Task instructions — Repeat every line of the data exactly, but not the pictures.

Data —
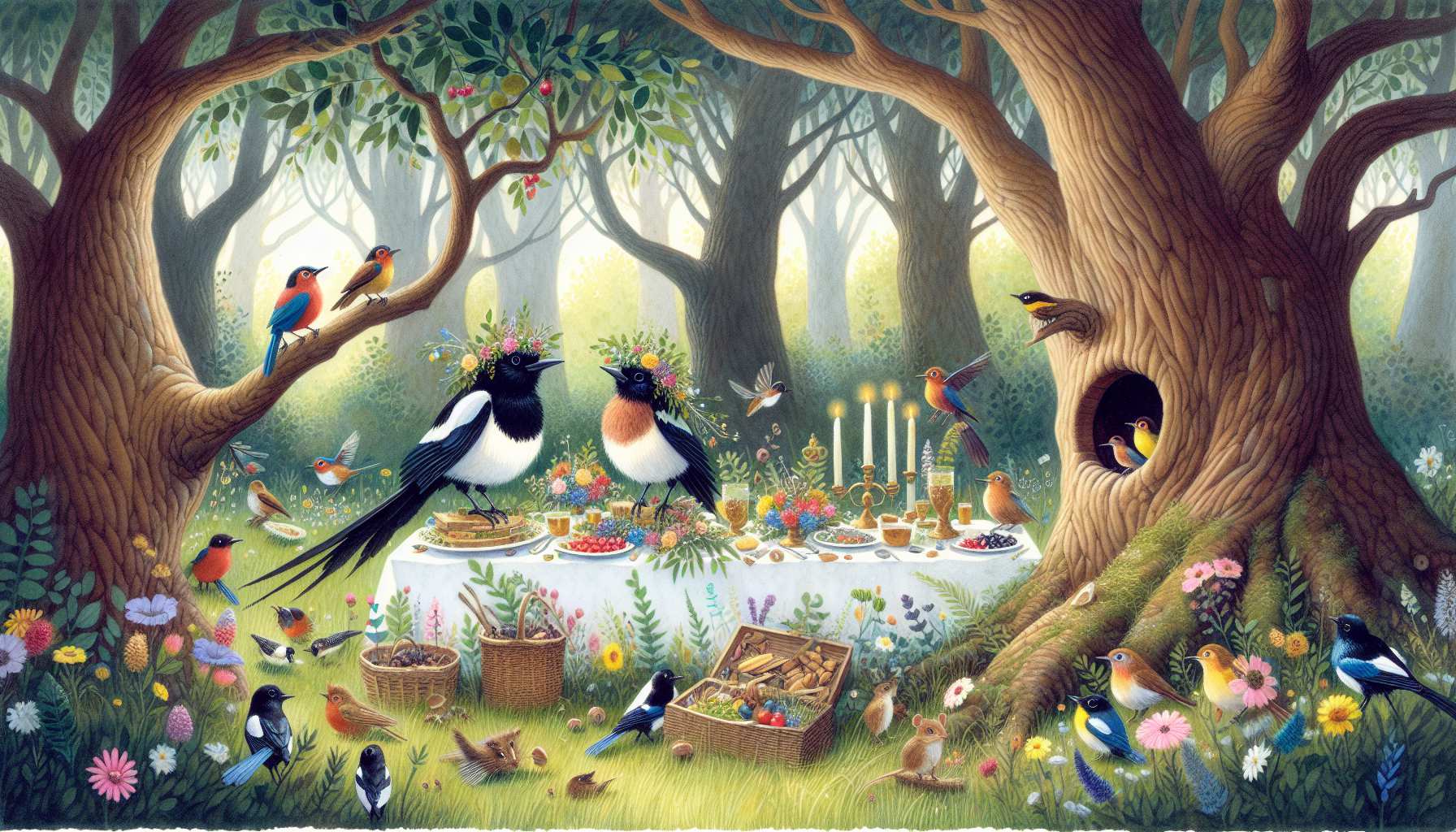 - პურსა სჭამენ და ღვინოს სმენ, სიმღერას არ იტყვიანო, - სთქვა ყვავმა და თავის მშვენიერის ხმით შემოსძახა სუფრული. ყვავს მისცეს აქეთ-იქიდან ბანი და გაძლიერდა მღერა ისე, რომ ტყეს ჭახჭახი გაჰქონდა. მთა-ბარი ზანზარებდა. ყვავილები სიცილით იხოცებოდნენ. აქვე ახლოს ერთ თაგუნიასა ჰქონდა სორო. ხმაურობაზე საღერღელი აეშალა და გამოიხედა სოროდან გარეთ. დიდხანს უცქირა ფრინველთა ნადიმს, შექცევას, ჰხედავდა მსუქანს, ნოყიერ საჭმელებს, ფერად-ფერადს, ნაირ-ნაირს და ხარბად ჰყლაპავდა ნერწყვს ნერწყვზედ. ითმინა დიდხანს და ვეღარ მოითმინა: რაც მომივა მომივაო, სთქვა; მიცუნცულდა ახლოს, ისკუპა და პირდაპირ ნეფე-დედოფლის წინ თხილიანს სუფრაზე დასკუპდა.
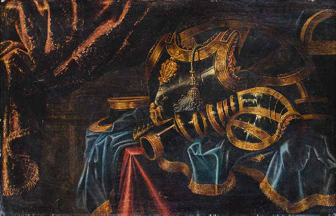 MADELEINE BOULOGNE (ATTRIBUITO) Parigi 1646 – 1710 NATURA MORTA CON ARMATURA E TENDAGGI olio su tela, cm 69x97. Provenienza: Venezia, Semenzato, 26/04/1992, lotto n. 84
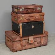 Vier oude reiskoffers, waarvan drie uitgevoerd in leder -intensief gebruikt-, grootste 33 × 82 × 47 cm
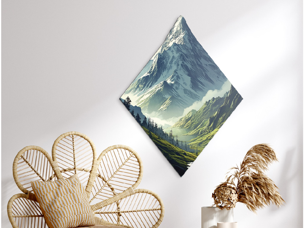Das Bild zeigt eine malerische Berglandschaft in Form eines Diamanten, in der grüne Hänge mit Bäumen zu einem ruhigen See hin abfallen. In der Ferne dominieren schneebedeckte Berggipfel, die einen Kontrast zu den warmen Farbtönen der Natur im Vordergrund bilden. Das ungewöhnliche Format verleiht dem Werk einen modernen und außergewöhnlichen Charakter.

Completed task —
 - პურსა სჭამენ და ღვინოს სმენ, სიმღერას არ იტყვიანო, - სთქვა ყვავმა და თავის მშვენიერის ხმით შემოსძახა სუფრული. ყვავს მისცეს აქეთ-იქიდან ბანი და გაძლიერდა მღერა ისე, რომ ტყეს ჭახჭახი გაჰქონდა. მთა-ბარი ზანზარებდა. ყვავილები სიცილით იხოცებოდნენ. აქვე ახლოს ერთ თაგუნიასა ჰქონდა სორო. ხმაურობაზე საღერღელი აეშალა და გამოიხედა სოროდან გარეთ. დიდხანს უცქირა ფრინველთა ნადიმს, შექცევას, ჰხედავდა მსუქანს, ნოყიერ საჭმელებს, ფერად-ფერადს, ნაირ-ნაირს და ხარბად ჰყლაპავდა ნერწყვს ნერწყვზედ. ითმინა დიდხანს და ვეღარ მოითმინა: რაც მომივა მომივაო, სთქვა; მიცუნცულდა ახლოს, ისკუპა და პირდაპირ ნეფე-დედოფლის წინ თხილიანს სუფრაზე დასკუპდა.
 MADELEINE BOULOGNE (ATTRIBUITO) Parigi 1646 – 1710 NATURA MORTA CON ARMATURA E TENDAGGI olio su tela, cm 69x97. Provenienza: Venezia, Semenzato, 26/04/1992, lotto n. 84
 Vier oude reiskoffers, waarvan drie uitgevoerd in leder -intensief gebruikt-, grootste 33 × 82 × 47 cm
Das Bild zeigt eine malerische Berglandschaft in Form eines Diamanten, in der grüne Hänge mit Bäumen zu einem ruhigen See hin abfallen. In der Ferne dominieren schneebedeckte Berggipfel, die einen Kontrast zu den warmen Farbtönen der Natur im Vordergrund bilden. Das ungewöhnliche Format verleiht dem Werk einen modernen und außergewöhnlichen Charakter.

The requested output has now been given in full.